Answers — Do not peek before attempting

Section 2 — We do (faded spinner)

Step 1: theoretical P(red) = 1 ÷ 4 = 0.25.
Step 2: expected = 80 × 0.25 = 20 reds.
Step 3: experimental P(red) = 25 ÷ 80 = 0.3125.
Step 4: experimental is higher than theoretical. With only 80 spins, this difference is most likely due to random variation (not enough trials).

3.1 — Theoretical P(5) on a die

One favourable outcome (the 5), six possible outcomes.

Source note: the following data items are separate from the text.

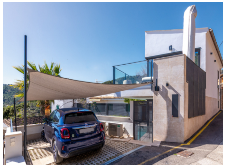
Parking space for one vehicle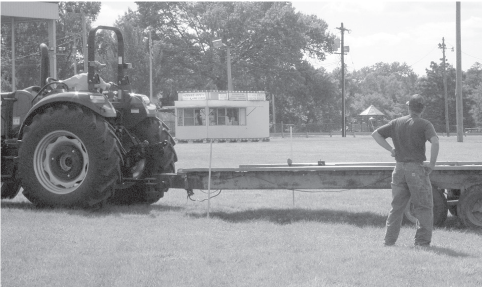
Junior tractor operators contest.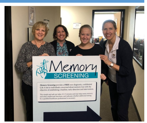
ASU volunteers at Memory Screenings

ARPF began an important collaboration with Arizona State University, Department of Speech-Language Pathology, where they assist with memory screenings in the Phoenix, AZ area.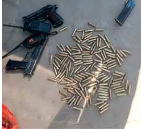
Top: High calibre ammunition and unlawful firearms were confiscated by the police during intensified "Operation Kakula" in Sekhukhune District.

hand radios, shotgun carbine type rifle, 16 ammunition of Z88 firearm, CZ 75 firearm, one Norinco firearm and Berreta firearm. "Some of the arrested suspects have already appeared at their respective magistrate's court for various offences," he said. Commissioner Lieutenant General Hadebe has once more, warned the public that operation "KUKULA" and other operations will continue to get rid of all criminals. Hadebe had also assured that the police will continue to ensure the safety of communities across the province.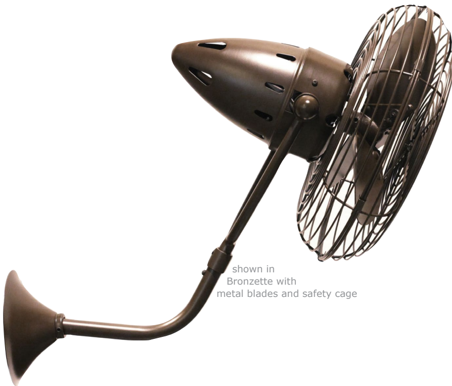
shown in Bronzette with metal blades and safety cage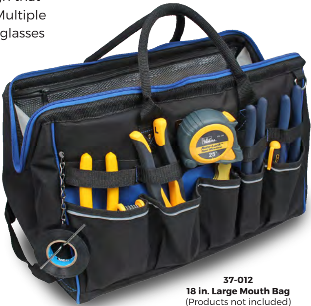
37-012 18 in. Large Mouth Bag (Products not included)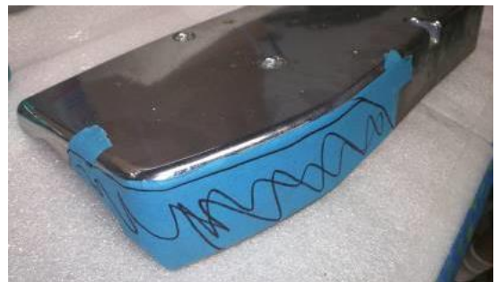
Figure 3. Sharpie marks indicating cutting zone for license plate holder and pipe clearance ( NOTE: Your fitment and trimming may be different than shown in the picture).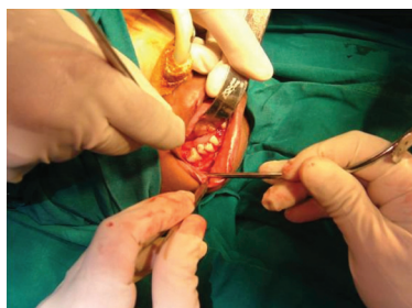
[Table/Fig-8]: Intraoperative view showing extraction of 46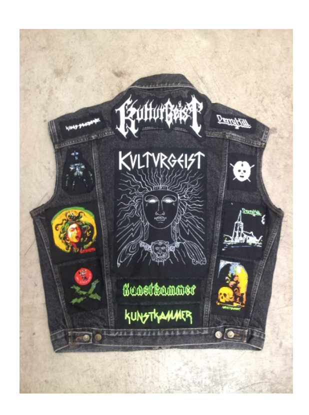
Tom Helyar-Cardwell Aiden's Jacket Front , watercolour on paper, 38 x 26 cms, 2014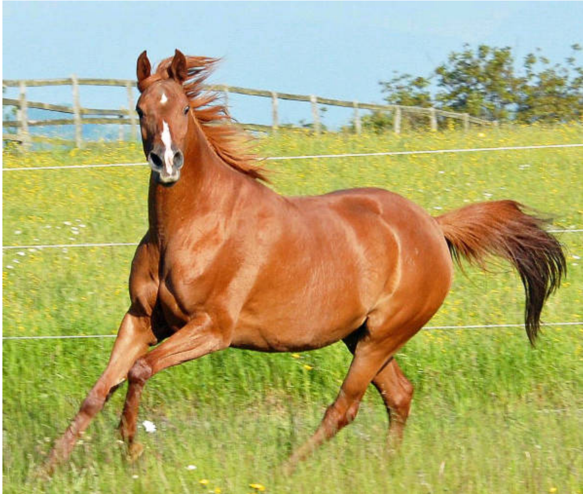
SZAP Elite mare KAHLOUCHA exported to Abu Dhabi

The pure Tunisian bred Swiss Elite mare KAHLOUCHA , 1998 (Zeidoun x Zannouche) and her 2014 born filly REEM ALFALA by DORMANE have left our stud farm in autumn and have been exported to Abu Dhabi. All crop of KAHLOUCHA are successful on the race track as well as later on in endurance up to now.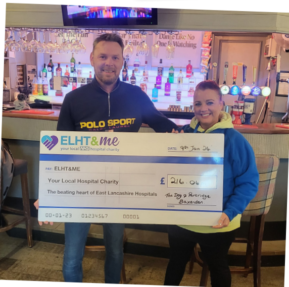
Dog & Partridge, Baxenden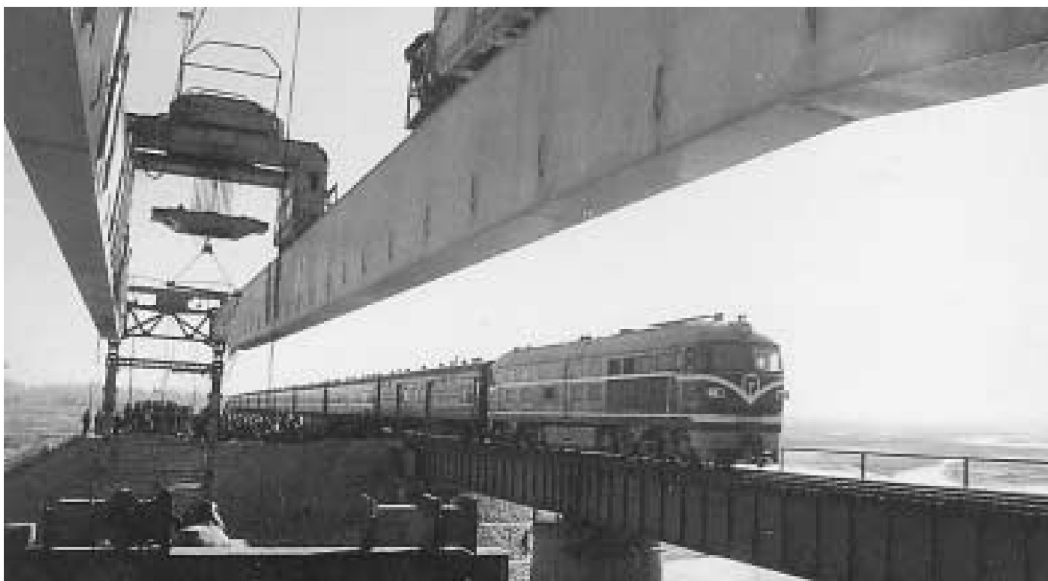
A railway bridge goes up on the second, or Central, Eurasian Land-Bridge in China. Rapid economic development offers a potential principle of mutual advantage among sovereign nation-states—a principle LaRouche proposes to replace the defensive idea of “multipolarity” as against unilateralism.

We may regard the often-expressed proposal to establish “a multipolar world,” as, in and for itself, an understandable rejection of the imperialist intent expressed by certain circles currently occupying key positions in the government of the U.S.A. Since the 1989-1992 collapse of the Soviet Union, those circles have foreseen what they have expressed as belief in the opportunity to create a global “American,” or “Anglo-American” empire. They have declared their intention to create such an empire, otherwise identified as “world government,” by means of revival of Bertrand Russell’s 1940s doctrine of Anglo-American “preventive nuclear warfare.” Russell’s original threat ended, for a time, with the successful Soviet testing of a thermonuclear weapon-prototype; that threat has been revived by U.S. Vice-President Cheney and others, as official U.S. policy, in the aftermath of the shocking events of Sept. 11, 2001.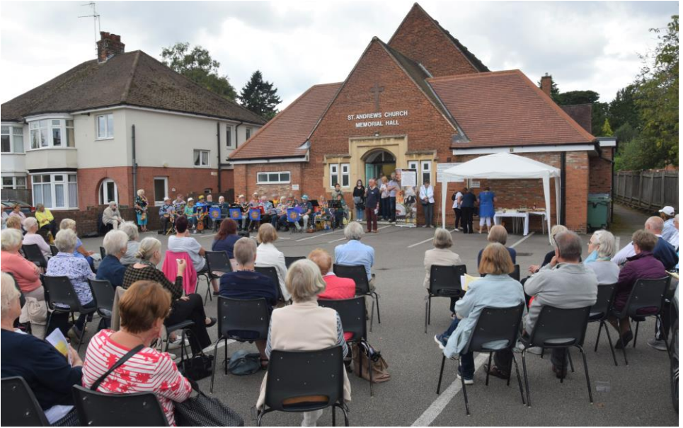
Open Day speeches and entertainment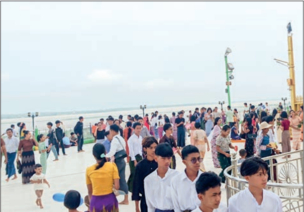
Pilgrims visit Myathalun Pagoda in Magway.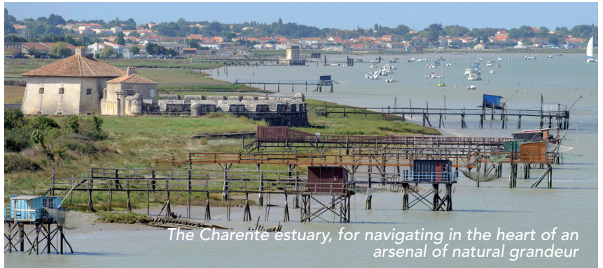
The Charente estuary, for navigating in the heart of an arsenal of natural grandeur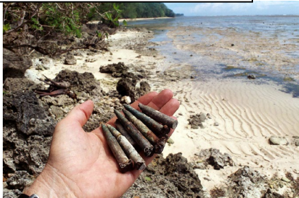
Evidence of the battle still washes up on the beach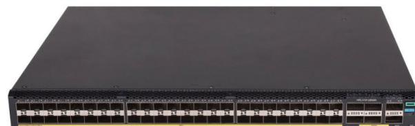
HPE NW CW Sw 48P 6C 5720 (S2N58A)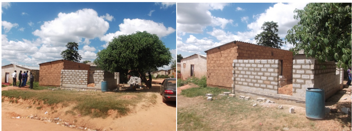
Figure 4. Showing a dwelling being extended after the owner obtained an occupancy license.

The Ng'ombe participatory slum upgrading project involved all relevant stakeholders in all stages of the project; the local coordinating organization (HUZA); the State through the Lusaka City Council; the international donors and the local community. HUZA, being a small NGO with limited funds, was determined to empower the diverse set of residents with the idea that it was within their power to improve living conditions in their settlement. HUZA thus developed a people centred community participation strategy. The community participation approach implemented by HUZA relied on limited resources that were made available by NORAD, NBBL and NORCOOP, which was no more than US$200,000. To deliver the improvements of the scale achieved in, Ng'ombe, HUZA had to stick to the priorities identified by the residents of Ng'ombe. HUZA thus focused on creation of community institutions to provide leadership and ensure sustainability of the improvements. Other areas of focus were improvement of access to health service, clean water supplies, provision of practical skills and micro credit. These sought to improve the livelihoods of the residents in order to guarantee the sustainability of the improvements, as well as to reduce vulnerability and human suffering that goes with extreme deprivation. Direct participation of all the residents in the upgrading activities was also necessary to guarantee ownership and sustenance of the intervention. It was also regarded as an insurance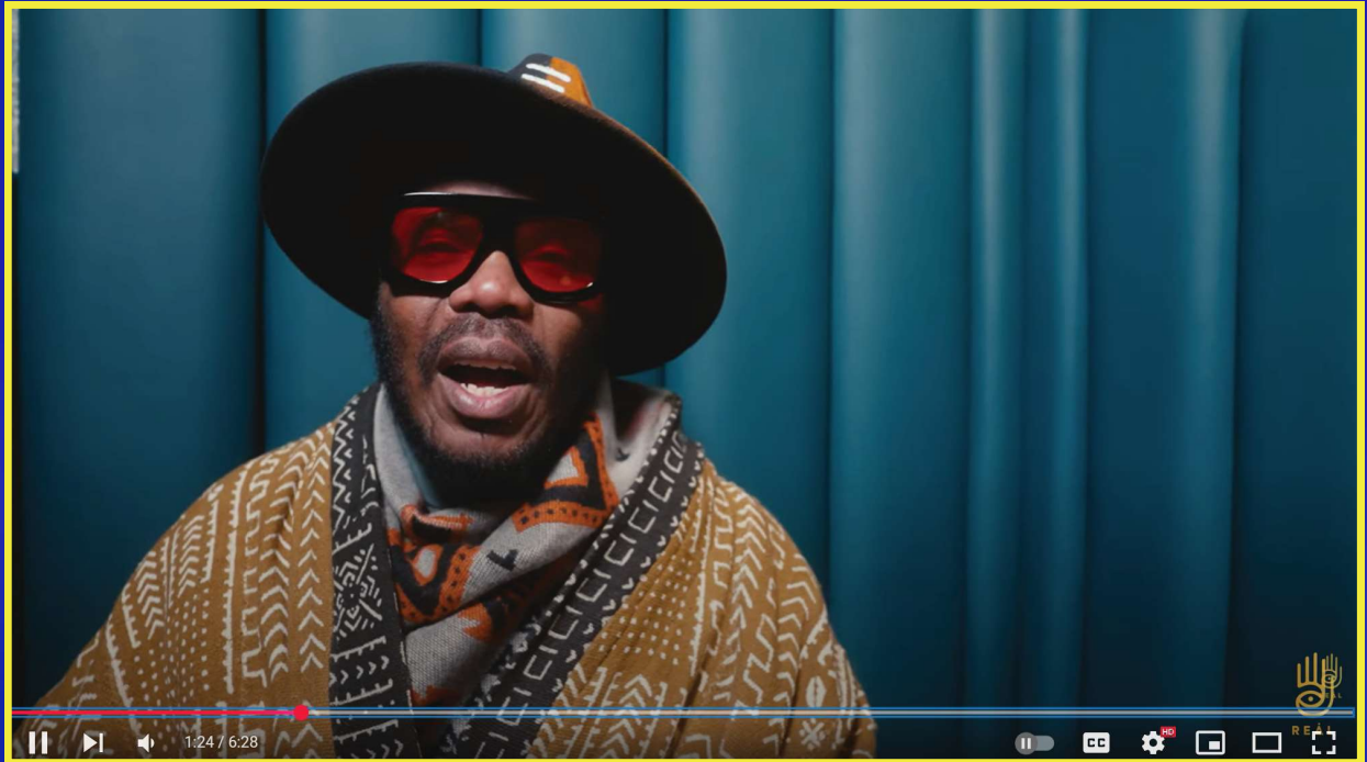
Can't Imagine - Promotional Video

P(5) = 1/6 ≈ 0.167.

3.2 — Experimental P(head)

P(head) = 22 ÷ 50 = 0.44.

3.3 — Expected 6s in 60 rolls

Expected = 60 × (1/6) = 10 sixes.

3.4 — 5-section spinner

P(any section) = 1/5 = 0.2.

3.5 — Die rolled 90 times

(a) Expected of each number = 90 ÷ 6 = 15.
(b) Experimental P(4) = 20 ÷ 90 = 2/9 ≈ 0.222.

3.6 — Marble bag

(a) Experimental P(red) ≈ 40 ÷ 100 = 0.4.
(b) About 0.4 × 250 = 100 red marbles.

3.7 — Coin tosses 10 / 100 / 1000

P(head) = 7/10 = 0.7; 54/100 = 0.54; 503/1000 = 0.503.
The 1000-toss result is most trustworthy because more trials reduce random variation — by the law of large numbers, experimental probability approaches the theoretical 0.5 as trials grow.

3.8 — Die rolled 600 times

(a) Expected = 600 ÷ 6 = 100 sixes.
(b) Experimental P(6) = 145 ÷ 600 ≈ 0.2417. Theoretical = 1/6 ≈ 0.1667. Difference ≈ 0.075.
(c) Probably not negligible — getting 145 sixes when 100 were expected is 45 more than expected. With this many trials, random variation alone is unlikely to cause that big a gap, so the die may be biased and should be tested further.